- [WHAT YOU SHOULD DO]: Every record below needs to be set down exactly. Pictures do not belong in the copy.
START DATASET EXTRACT
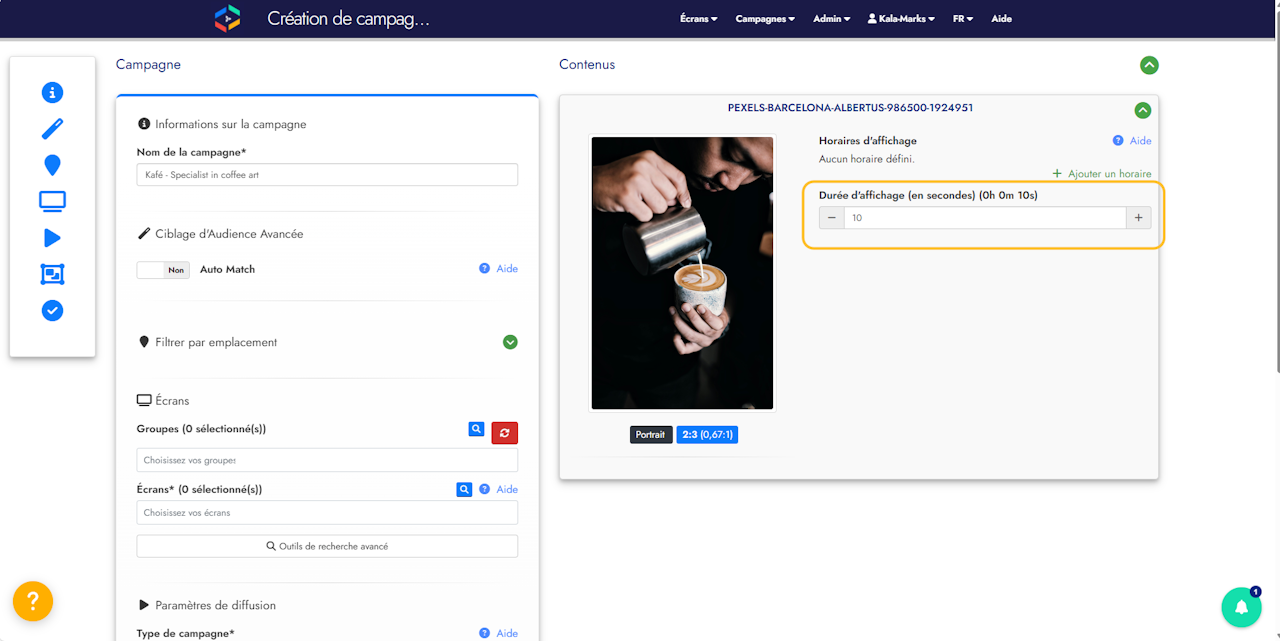 Ajuster la durée : Modifiez cette durée par défaut dans les paramètres de votre contenu si vous souhaitez un affichage plus long ou plus court.
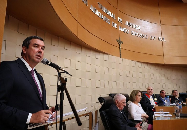 Ações da PGE ganham destaque no discurso do governador Eduardo Riedel, na posse do novo comando do TJMS
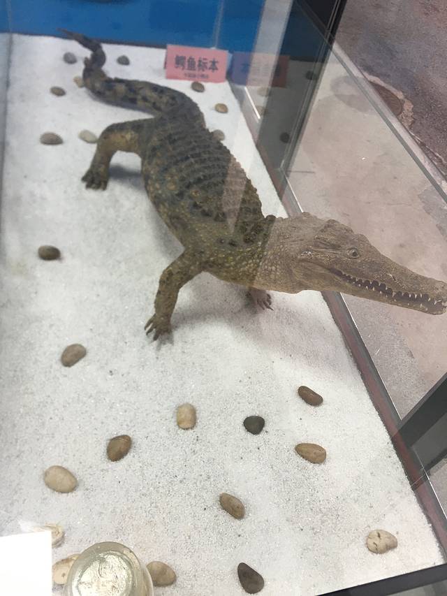看完钱塘江潮,我们就返程合肥了,途经长兴服务区停下休息,看到了服务区里面有鳄鱼标本。一打听,原来长兴是扬子鳄之乡。
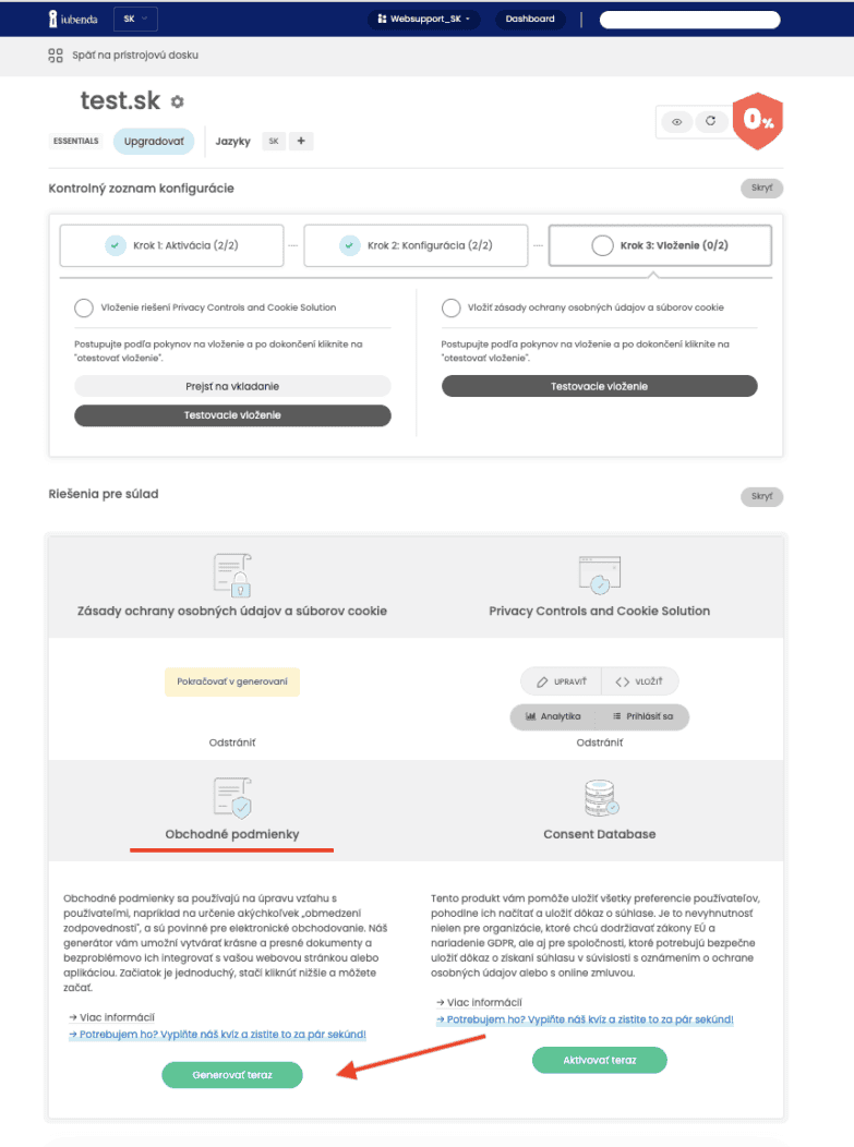 V sekcii „Obchodné podmienky“ kliknite na zelené tlačidlo „Generovať teraz“.
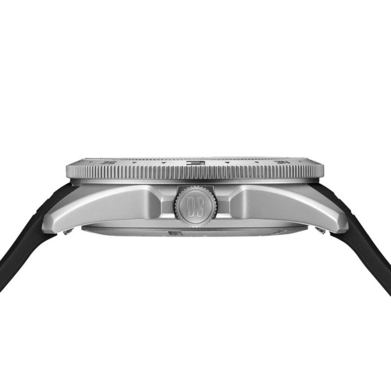 Le bracelet noir en caoutchouc synthétique confère à cette montre une allure dynamique et sportive, en parfaite harmonie avec l'esprit aventureux de la DS-X GMT. Mesurant 20 mm à l'entrecorne, il assure un port confortable et stable, complété par une boucle ardillon classique qui permet un ajustement rapide et sécurisé.
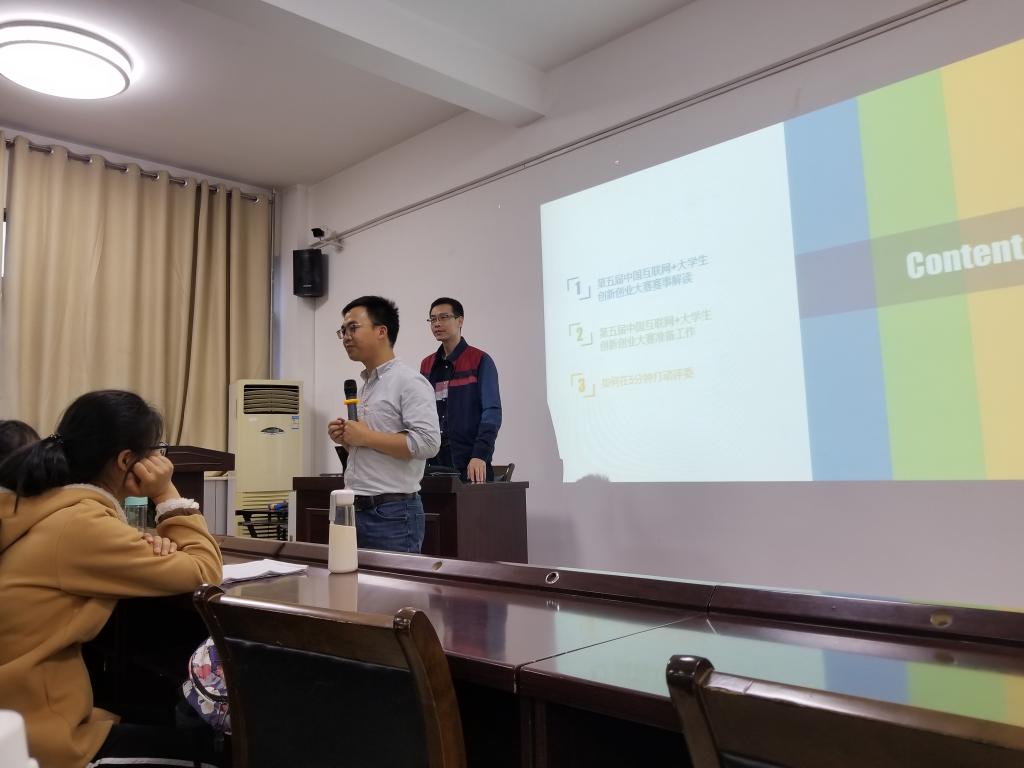 学生做互联网+大学生创新创业大赛赛事解读。解读会由2017级本科生辅导员陈应权主持,兔子先生
END DATASET EXTRACT
- [YOUR SOLUTION]:
 Ajuster la durée : Modifiez cette durée par défaut dans les paramètres de votre contenu si vous souhaitez un affichage plus long ou plus court.
 Ações da PGE ganham destaque no discurso do governador Eduardo Riedel, na posse do novo comando do TJMS
看完钱塘江潮,我们就返程合肥了,途经长兴服务区停下休息,看到了服务区里面有鳄鱼标本。一打听,原来长兴是扬子鳄之乡。
 V sekcii „Obchodné podmienky“ kliknite na zelené tlačidlo „Generovať teraz“.
 Le bracelet noir en caoutchouc synthétique confère à cette montre une allure dynamique et sportive, en parfaite harmonie avec l'esprit aventureux de la DS-X GMT. Mesurant 20 mm à l'entrecorne, il assure un port confortable et stable, complété par une boucle ardillon classique qui permet un ajustement rapide et sécurisé.
 学生做互联网+大学生创新创业大赛赛事解读。解读会由2017级本科生辅导员陈应权主持,兔子先生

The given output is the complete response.